■ **YOUR TASK**:
Give again, unaltered, the lines of the listing below that run from the line having "Polyester backpack with" through the line having "La unidad exterior".

■ **SUPPLIED RECORDS**:

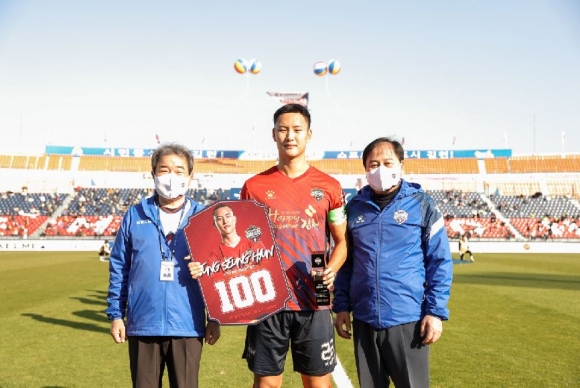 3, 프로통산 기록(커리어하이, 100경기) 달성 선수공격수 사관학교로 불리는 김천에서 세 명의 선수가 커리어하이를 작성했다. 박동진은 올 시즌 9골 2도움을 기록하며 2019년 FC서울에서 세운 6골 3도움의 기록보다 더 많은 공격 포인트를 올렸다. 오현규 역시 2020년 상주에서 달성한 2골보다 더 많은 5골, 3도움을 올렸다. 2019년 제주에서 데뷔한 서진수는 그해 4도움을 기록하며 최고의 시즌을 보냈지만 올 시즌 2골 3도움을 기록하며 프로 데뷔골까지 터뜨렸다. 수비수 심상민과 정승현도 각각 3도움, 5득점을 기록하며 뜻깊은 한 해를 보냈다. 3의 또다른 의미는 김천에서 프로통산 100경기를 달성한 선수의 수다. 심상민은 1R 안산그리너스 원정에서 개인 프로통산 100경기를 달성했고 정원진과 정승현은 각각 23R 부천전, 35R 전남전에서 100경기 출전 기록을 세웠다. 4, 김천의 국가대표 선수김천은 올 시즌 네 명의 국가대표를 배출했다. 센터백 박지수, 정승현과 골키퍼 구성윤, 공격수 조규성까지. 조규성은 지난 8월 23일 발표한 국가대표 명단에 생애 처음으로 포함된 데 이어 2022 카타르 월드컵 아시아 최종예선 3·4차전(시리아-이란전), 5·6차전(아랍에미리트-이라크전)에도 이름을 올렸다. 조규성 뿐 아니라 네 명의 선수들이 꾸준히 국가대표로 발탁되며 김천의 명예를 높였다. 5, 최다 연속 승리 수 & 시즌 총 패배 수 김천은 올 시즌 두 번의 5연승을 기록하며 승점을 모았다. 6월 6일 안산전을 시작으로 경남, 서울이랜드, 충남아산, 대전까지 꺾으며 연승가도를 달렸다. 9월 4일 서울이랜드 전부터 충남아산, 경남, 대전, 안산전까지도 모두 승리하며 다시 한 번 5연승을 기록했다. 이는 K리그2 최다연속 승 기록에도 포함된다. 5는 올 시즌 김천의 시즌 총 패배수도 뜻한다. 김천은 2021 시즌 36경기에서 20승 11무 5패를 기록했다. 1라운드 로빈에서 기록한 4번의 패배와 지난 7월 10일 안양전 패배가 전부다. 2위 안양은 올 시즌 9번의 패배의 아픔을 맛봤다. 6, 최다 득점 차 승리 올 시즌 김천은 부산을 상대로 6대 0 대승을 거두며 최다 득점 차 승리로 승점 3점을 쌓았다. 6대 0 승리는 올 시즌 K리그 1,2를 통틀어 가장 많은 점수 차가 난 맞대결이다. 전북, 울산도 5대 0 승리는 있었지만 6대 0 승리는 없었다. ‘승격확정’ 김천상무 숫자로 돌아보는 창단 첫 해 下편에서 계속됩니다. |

==

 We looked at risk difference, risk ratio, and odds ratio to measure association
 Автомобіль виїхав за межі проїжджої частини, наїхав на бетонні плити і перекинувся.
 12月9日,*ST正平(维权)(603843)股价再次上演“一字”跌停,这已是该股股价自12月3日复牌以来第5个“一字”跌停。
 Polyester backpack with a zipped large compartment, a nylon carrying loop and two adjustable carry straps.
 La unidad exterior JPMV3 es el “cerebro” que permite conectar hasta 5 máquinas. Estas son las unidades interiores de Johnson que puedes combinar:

---

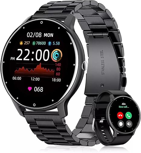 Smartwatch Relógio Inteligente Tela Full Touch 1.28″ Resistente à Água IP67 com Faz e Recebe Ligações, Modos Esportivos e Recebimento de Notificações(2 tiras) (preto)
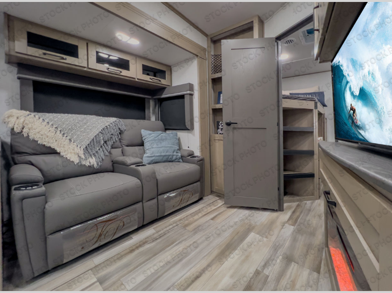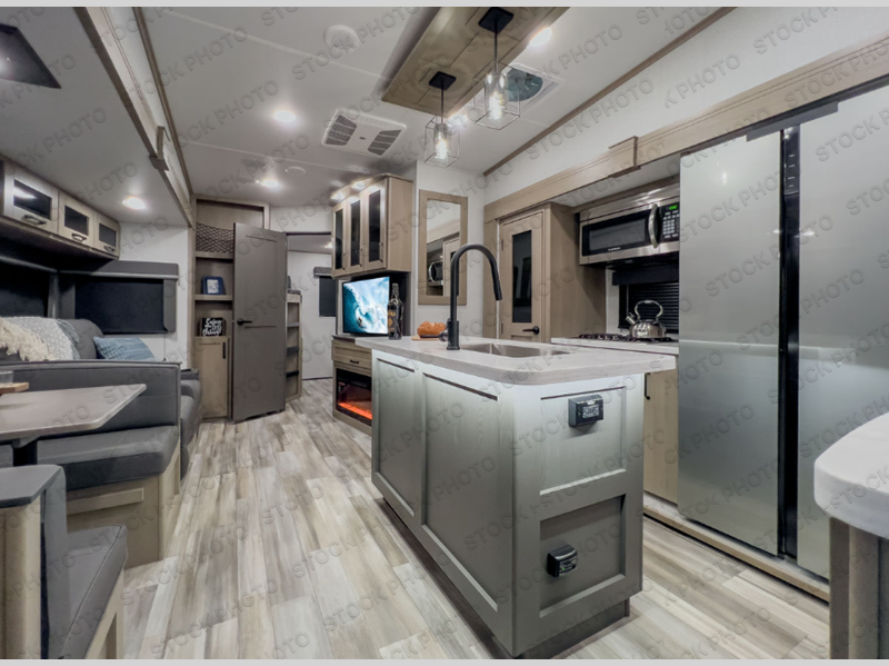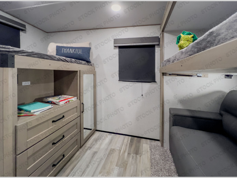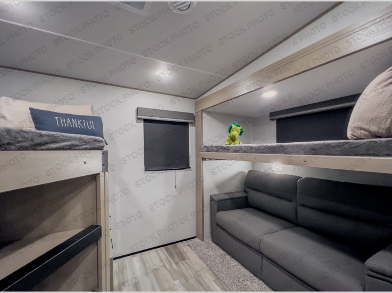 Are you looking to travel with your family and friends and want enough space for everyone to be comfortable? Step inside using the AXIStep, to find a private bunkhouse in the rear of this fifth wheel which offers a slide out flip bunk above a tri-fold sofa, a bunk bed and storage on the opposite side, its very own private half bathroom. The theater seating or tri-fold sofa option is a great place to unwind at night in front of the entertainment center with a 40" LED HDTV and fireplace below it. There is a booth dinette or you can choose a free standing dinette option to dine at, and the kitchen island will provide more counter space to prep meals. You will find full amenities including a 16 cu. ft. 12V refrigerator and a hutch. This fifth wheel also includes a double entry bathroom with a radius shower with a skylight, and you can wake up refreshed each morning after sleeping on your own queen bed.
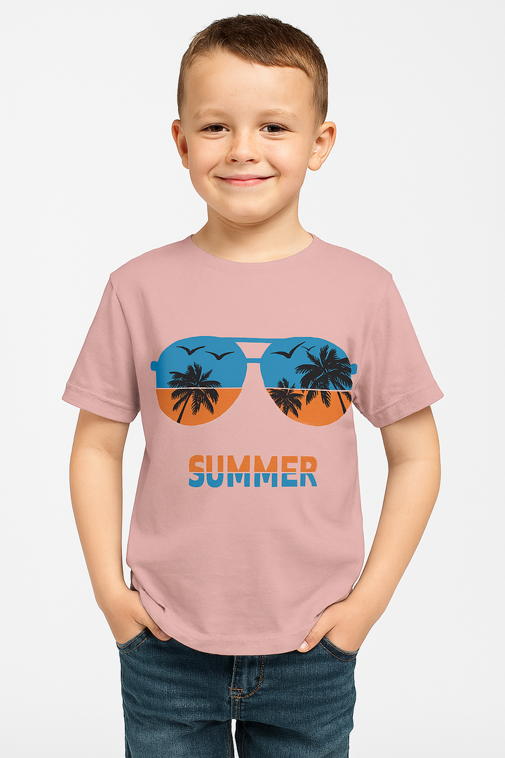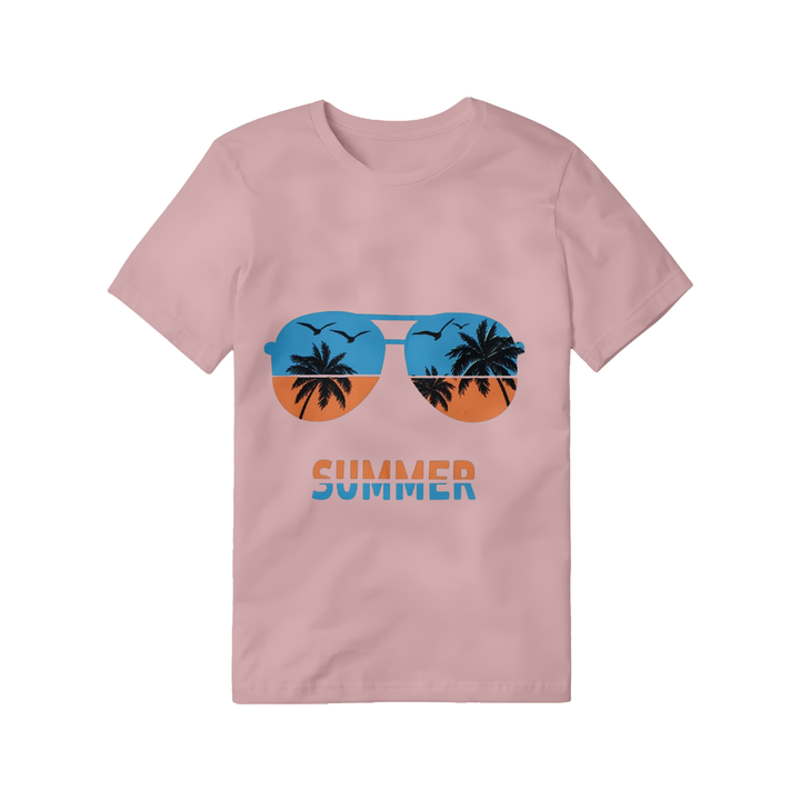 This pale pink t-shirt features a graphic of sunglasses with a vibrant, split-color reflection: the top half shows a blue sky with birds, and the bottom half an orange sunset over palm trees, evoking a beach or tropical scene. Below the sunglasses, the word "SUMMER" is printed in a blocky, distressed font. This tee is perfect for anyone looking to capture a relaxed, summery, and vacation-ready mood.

■ **SOLUTION**:
 Polyester backpack with a zipped large compartment, a nylon carrying loop and two adjustable carry straps.
 La unidad exterior JPMV3 es el “cerebro” que permite conectar hasta 5 máquinas. Estas son las unidades interiores de Johnson que puedes combinar:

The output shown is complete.